#### Stored data:

* * * * * * *

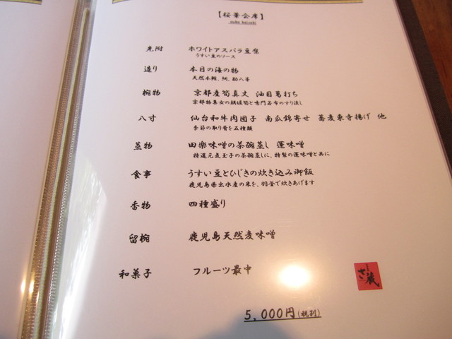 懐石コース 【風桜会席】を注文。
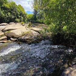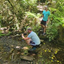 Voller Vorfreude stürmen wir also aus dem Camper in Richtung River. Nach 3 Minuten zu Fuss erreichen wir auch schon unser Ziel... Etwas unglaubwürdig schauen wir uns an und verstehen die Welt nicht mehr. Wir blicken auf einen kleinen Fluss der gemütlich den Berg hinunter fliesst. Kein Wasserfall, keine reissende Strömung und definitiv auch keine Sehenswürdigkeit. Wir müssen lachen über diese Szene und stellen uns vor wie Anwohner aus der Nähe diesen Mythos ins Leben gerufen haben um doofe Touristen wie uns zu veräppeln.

* * * * * * *

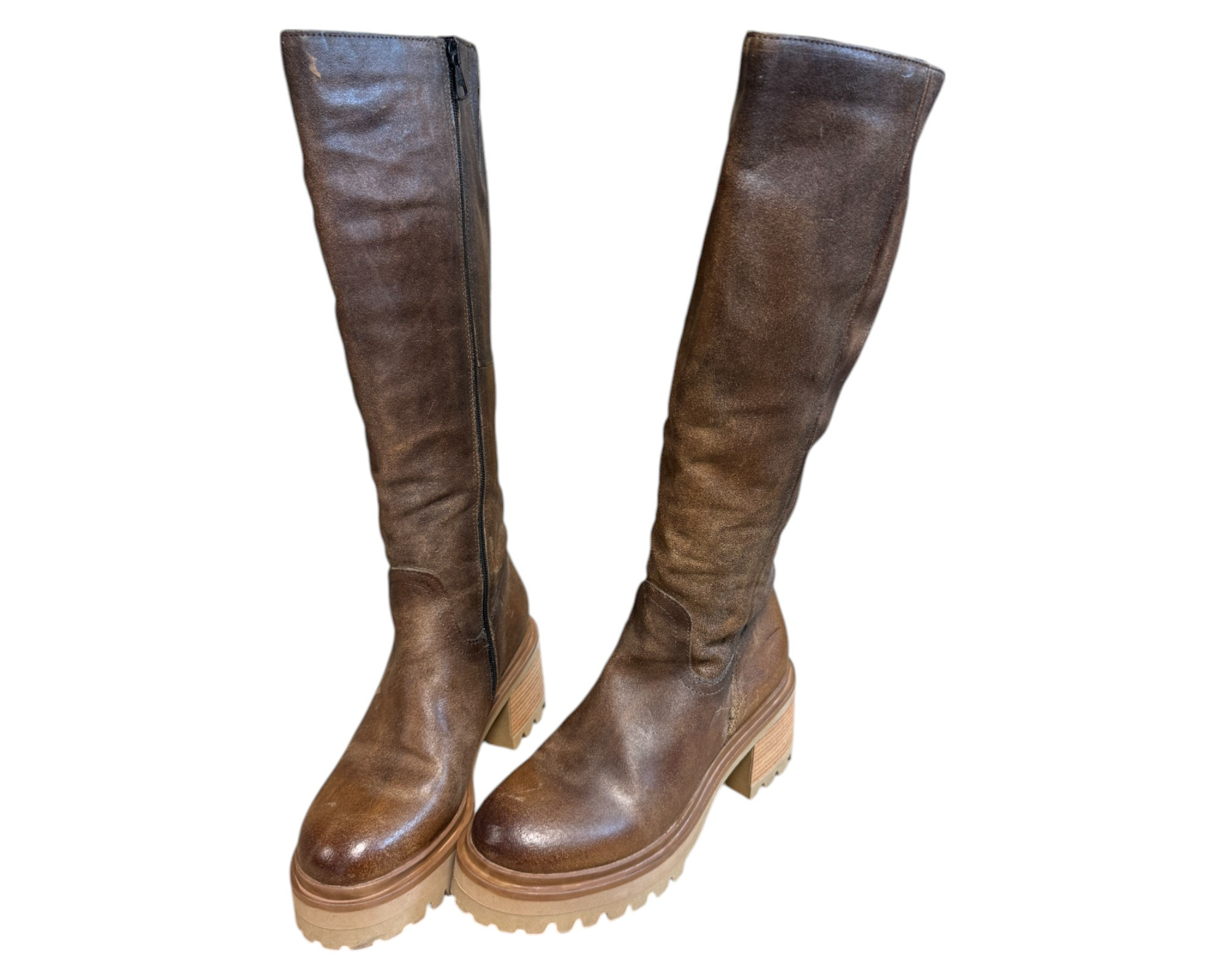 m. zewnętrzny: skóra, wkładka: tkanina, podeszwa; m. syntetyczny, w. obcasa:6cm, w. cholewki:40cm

* * * * * * *

#### Your assignment:
With pictures excluded, reproduce exactly the lines above from the one containing "懐石コース 【風桜会席】を注文。" down to the one containing "Voller Vorfreude stürmen", those two included.

#### Response:
 懐石コース 【風桜会席】を注文。
 Voller Vorfreude stürmen wir also aus dem Camper in Richtung River. Nach 3 Minuten zu Fuss erreichen wir auch schon unser Ziel... Etwas unglaubwürdig schauen wir uns an und verstehen die Welt nicht mehr. Wir blicken auf einen kleinen Fluss der gemütlich den Berg hinunter fliesst. Kein Wasserfall, keine reissende Strömung und definitiv auch keine Sehenswürdigkeit. Wir müssen lachen über diese Szene und stellen uns vor wie Anwohner aus der Nähe diesen Mythos ins Leben gerufen haben um doofe Touristen wie uns zu veräppeln.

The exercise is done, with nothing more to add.